Он шел по темному городу и думал: хорошо или плохо, что Даниэль сейчас далеко отсюда? Быть может, мы все погибнем, а он останется… Хорошо или плохо? Хорошо или плохо? В караульной башне не спал один Хайнц, остальные растянулись на лавках и на полу. В очаге трещало несколько поленьев. Было тепло, и стоял смрад немытых тел, слышались стоны и храп.

– Как?

– Тихо, – сказал Хайнц.

– А люди?

– Ничего. Отдрыхнутся – лучше воевать будут.

«Послать его?» – размышлял Арнсбат, глядя в лицо старого солдата, где морщины мешались со шрамами.

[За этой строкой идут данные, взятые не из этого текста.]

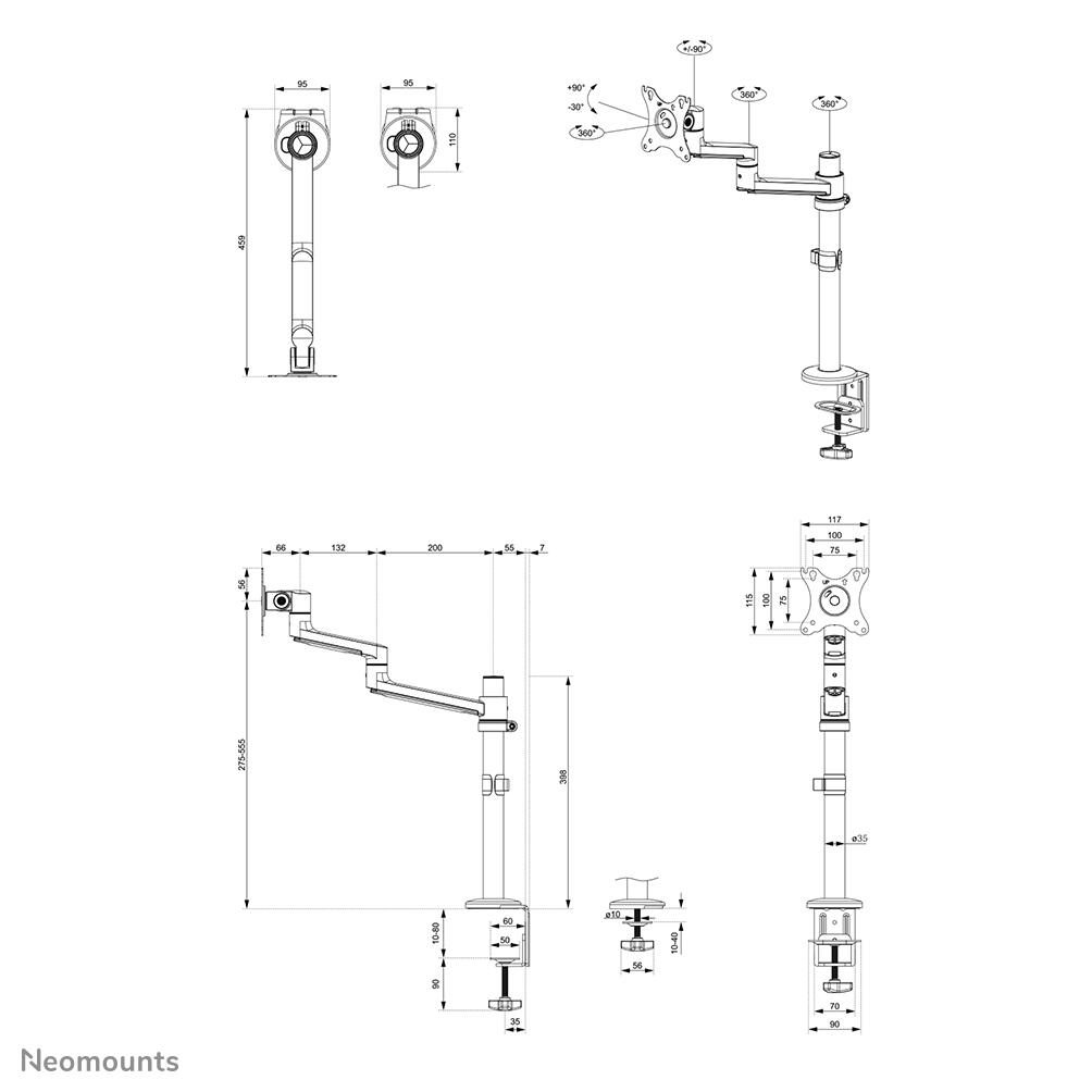 Dank des kurzen T-Rex®-Oberarms des NEXT Lite ist nur eine minimale Tiefe erforderlich, wenn die Halterung in der Nähe einer Wand oder Trennwand aufgestellt wird. Dadurch kann der Bildschirm weiter vom Benutzer entfernt aufgestellt werden, was besser für die Augen ist und mehr Raum für eine gute ergonomische Arbeitshaltung lässt. Das intelligente interne Kabelmanagementsystem sorgt für eine übersichtliche Kabelführung. Der DS60-425WH1 ist für Bildschirme mit einem VESA-Lochbild von 75x75 oder 100x100 mm geeignet. Neomounts bietet mehrere optionale VESA-Adapterplatten für verschiedene Lochmuster an. Der DS60-425WH1 verfügt über ein Easy-Release-VESA-System für eine einfache Installation und wird mit einer Tischklemme und einer Öse geliefert.

– Кому надо – тот не спит, – продолжал Хайнц. – На стенах тоже многие ночуют… городские.

– Я взгляну. – Арнсбат поднялся по крутой лестнице наверх, подошел к бойнице. На том берегу горело несколько костров. И все… Внезапно он споткнулся, на что-то наступил. Шатнулся в сторону. Рядом, в нише стены, зашевелился какой-то ворох тряпья, что-то забормотали и из-под рогожи высунулось человеческое лицо, завешенное прядями спутанных волос, казавшихся во мраке угольно-черными. Арнсбат нагнулся, пригляделся.

– Адри…

– Это вы… А я уж подумала – на приступ лезут.

Он усмехнулся, припоминая.

– Давно я тебя не видел… А ведь соседи, дома рядом стоят…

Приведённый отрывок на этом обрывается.